The running time of flatxml
The faltxml is a excellent work for parsing XML data. But there is a problem that I encountered during using the fxml_toDataFrame function. This function need a longer time for running multi files with parsing the whole file to a dataframe. such as:
##
elemids <- unique(test$elemid.)
for(i in elemids){
yy <- fxml_toDataFrame(test,siblings.of = i)
if (nrow(yy) >= 1) {
j <- j+1
yy.dat[[j]] <- yy
print(c(i,j))
} else next()
}
For a test data with elemids > 300. The loop above need > 1 min. I work with file > 1000, which take more than 10 hours.
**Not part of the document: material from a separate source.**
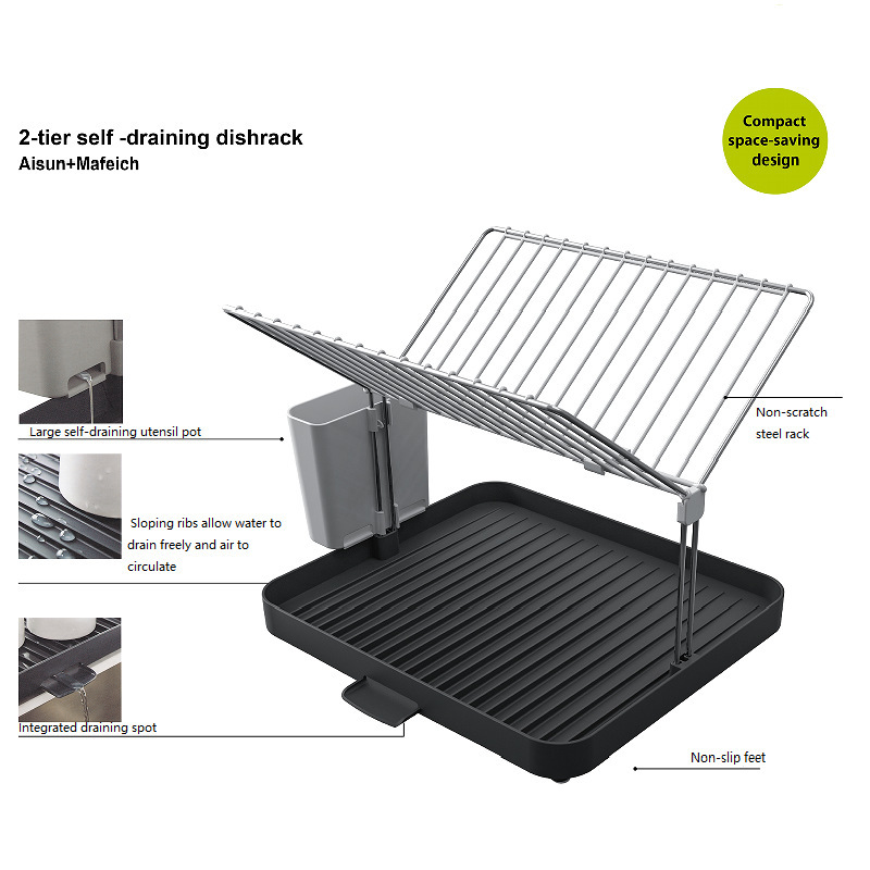 Platos de cocina Rejilla de drenaje de utensilios de almacenamiento de platos Rejilla en capas Platos de acero inoxidable Rejilla de drenaje de escritorio

Would you please give some advice?
I work out a solution to my problem as using fxml_hasChildren to get essential elemids, which reduced the loop from 300+ to about 30+ (10 times reduced).
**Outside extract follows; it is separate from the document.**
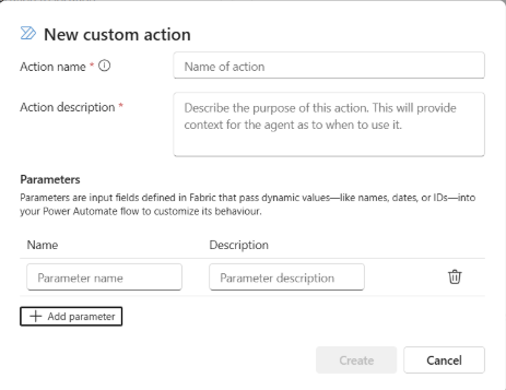 Actions: Define the actions that the agent can take based on the insights it generates. Name the action and provide a description to clarify its purpose. Optionally, list the parameters that the action requires, such as a specific value.

Yes, I was also thinking that the problem may be that when you have two siblings A and B, your loop will find the siblings for both of them (so when i is the elemid of A, then fxml_toDataFrame() will find B as a sibling, and when i is the elemid of B, it will find A which was already processed before). When you have many elements on the same level then you do a lot of "unnecessary work". Therefore, another way to solve this would be to save the elemids of the elements in yy and do not run fxml_toDataFrame() for any of them. So if elemid x is already in any of your yy dataframes then you would never run fxml_toDataFrame(test, siblings = x). This should reduce the number of loops significantly.